We address the skeptics’ two questions by focusing on two behaviors, hostility and support, between young men and women who recently married or began cohabiting. Both hostility and support are central to family theory (Fincham & Rogge, 2010), especially in mediating between stressors such as economic hardship and family discord and outcomes such as marital quality (Conger et al., 1990; Kearney & Bradbury, 1995), psychological distress (Cutrona, 1996) and physical health (Friedman, 1991; Lovallo, 2005; Wickrama, Lorenz, Conger, & Elder, 1997). The present study also distinguishes between men and women because there are known gender differences in emotional expressiveness and intensity, especially in reaction to marital conflict and stress (Baucom, McFarland, & Christensen, 2010; Cui, Lorenz, Conger, Melby, & Bryant, 2005; Gottman & Krokoff, 1989). There are also known differences between married and cohabiting couples (Brown & Booth, 1996).

At the center of Figure 1 is observed context-specific behavior (CSBX) – either hostility or support –during an observational task (denoted by “X”) as rated by trained observers. Path β41 links observer ratings of respondents’ context-specific behaviors at time 2, during the observational task (CSBX), to patterns of context-general behaviors (CGB) as self-reported by the respondent (self-report CGB30) and corroborated by his or her partner (partner-reported CGB30) at an earlier point in time (time 1). The subscript “30” refers to a statement in the questionnaire preamble that asks respondents to recall behaviors “during the past month” regardless of when or under what circumstances the behaviors occurred. Path β41 establishes the extent to which the common variance shared by the two reports has long-term predictive validity. Conversely, path β41 addresses the skeptic’s question about whether a brief sampling of behaviors observed during a specific task reflects the patterns of behavior that are typical of couples. We express this relationship with our first hypothesis:

H1: Observer ratings of behaviors during context-specific observational tasks are significantly related to context-general patterns of interactions that reflect behaviors couples themselves acknowledge at an earlier point in time (path β41 >0).

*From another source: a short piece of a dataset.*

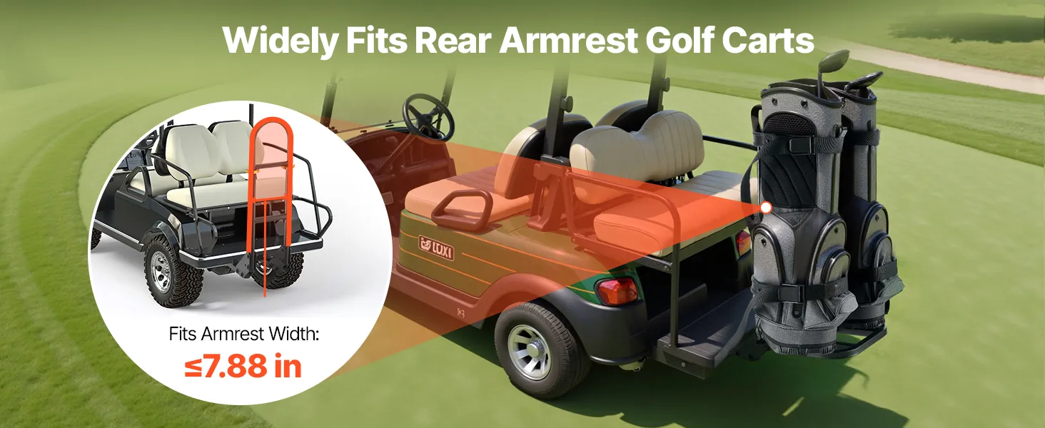 Wide Compatibility: This golf cart bag holder fits most golf carts with rear handrails (handrail width ≤7.88 inches), including EZGO, Club Car, and Yamaha models

Couple reports of context-general behavior (CGB) is a second-order latent factor, where λ1 and λ2 are factor loadings linking CGB to the respondents’ reports of their own behaviors (self-report CGB30) as corroborated by their partners (partner-report CGB30). The advantage of a second-order factor is that it focuses attention on respondents’ and their partners’ shared variance in a seamlessly integrated manner while disarming otherwise thorny multicollinearity problems that would result if the two reports were kept as separate predictors. From a methodological perspective, the importance of partitioning observed variance into common variance shared by respondents and their partners and specific error variance attributable to each separately was underscored by Cook and Goldstein (1993; see also Melby et. al., 1995) when they distinguished the common variance shared by mothers, fathers and children from the unique variance attributable to each reporter.

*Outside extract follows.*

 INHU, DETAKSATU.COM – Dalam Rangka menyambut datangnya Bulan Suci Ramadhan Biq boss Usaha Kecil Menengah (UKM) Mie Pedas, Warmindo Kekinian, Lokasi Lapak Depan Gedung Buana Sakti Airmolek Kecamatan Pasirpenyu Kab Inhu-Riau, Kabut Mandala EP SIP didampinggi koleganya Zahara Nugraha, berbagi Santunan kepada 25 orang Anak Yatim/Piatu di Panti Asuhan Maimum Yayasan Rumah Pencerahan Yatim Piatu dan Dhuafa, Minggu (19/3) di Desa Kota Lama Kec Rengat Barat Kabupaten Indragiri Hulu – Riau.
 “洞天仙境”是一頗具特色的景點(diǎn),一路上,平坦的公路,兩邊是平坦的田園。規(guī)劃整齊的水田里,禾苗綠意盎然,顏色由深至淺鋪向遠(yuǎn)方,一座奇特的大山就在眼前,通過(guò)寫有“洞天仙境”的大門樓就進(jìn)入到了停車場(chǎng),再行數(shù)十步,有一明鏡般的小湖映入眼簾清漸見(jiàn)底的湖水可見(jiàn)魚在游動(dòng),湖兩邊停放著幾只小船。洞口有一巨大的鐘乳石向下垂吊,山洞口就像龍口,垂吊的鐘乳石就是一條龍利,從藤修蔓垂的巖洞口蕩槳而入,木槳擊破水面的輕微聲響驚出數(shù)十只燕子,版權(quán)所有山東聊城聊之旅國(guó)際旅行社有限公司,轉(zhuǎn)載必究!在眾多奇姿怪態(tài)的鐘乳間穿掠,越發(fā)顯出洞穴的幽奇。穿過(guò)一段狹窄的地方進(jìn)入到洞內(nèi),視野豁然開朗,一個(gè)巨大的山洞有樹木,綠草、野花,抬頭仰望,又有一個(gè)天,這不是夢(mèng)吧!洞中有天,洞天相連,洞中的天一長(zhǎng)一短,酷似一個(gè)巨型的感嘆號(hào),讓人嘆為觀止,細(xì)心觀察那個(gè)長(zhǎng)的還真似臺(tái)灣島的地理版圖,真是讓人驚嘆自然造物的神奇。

Conceptually, paths λ1 and λ2 imply that the respondents’ (Self-report CGB30) and partners’ reports of the respondent’s hostility and support during the past month are manifestations of underlying patterns of behavior that date back to their first years as a couple (CGB at time 1). Although questionnaire self- and partner-reports may be self-serving and subject to social desirability, as well as sentiment override (Weiss, 1980) and attributional processes (Bradbury & Fincham, 1992), it remains that couples are uniquely privy to each others’ behaviors in everyday life (Noller & Callan, 1988; Olsen, 1977). We do not expect couples to completely agree in their assessments of each others’ hostility and support; however, the common variance shared by the two is reflected in CGB and it is this common variance against which observer ratings are regressed (i.e., β41 > 0).

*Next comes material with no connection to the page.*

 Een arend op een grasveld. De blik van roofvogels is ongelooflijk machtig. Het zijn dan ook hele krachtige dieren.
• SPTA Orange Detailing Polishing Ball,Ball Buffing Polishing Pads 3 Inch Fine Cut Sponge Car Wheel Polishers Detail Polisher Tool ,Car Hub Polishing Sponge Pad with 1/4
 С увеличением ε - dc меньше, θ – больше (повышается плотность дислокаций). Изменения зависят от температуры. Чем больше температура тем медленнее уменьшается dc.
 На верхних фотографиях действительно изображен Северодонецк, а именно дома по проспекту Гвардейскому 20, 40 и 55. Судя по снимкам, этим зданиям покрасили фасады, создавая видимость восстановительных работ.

The two constructs on the right side of Figure 1 record the respondent’s hostile and supportive behaviors during the observational task as reported by respondents (self-report CSBX in Figure 1) and as corroborated by partners (partner-report CSBX). We hypothesize that

H2: Context-specific self-reports and partner-reports of behaviors during an observational task are significantly related to observer ratings of behaviors during the same task (β54 > 0 and β64 > 0), even after controlling for the context-general sentiments and attributions individuals express about their partners and their own past behaviors.

As a complement, we further hypothesize that

H3: Respondents’ questionnaire reports of their behaviors and those of their partners during a context-specific observational task are significantly related to past context-general behaviors recorded at an earlier point in time (β52 > 0 and β63 > 0), even after controlling for observer ratings of the same behaviors during a context-specific observational task.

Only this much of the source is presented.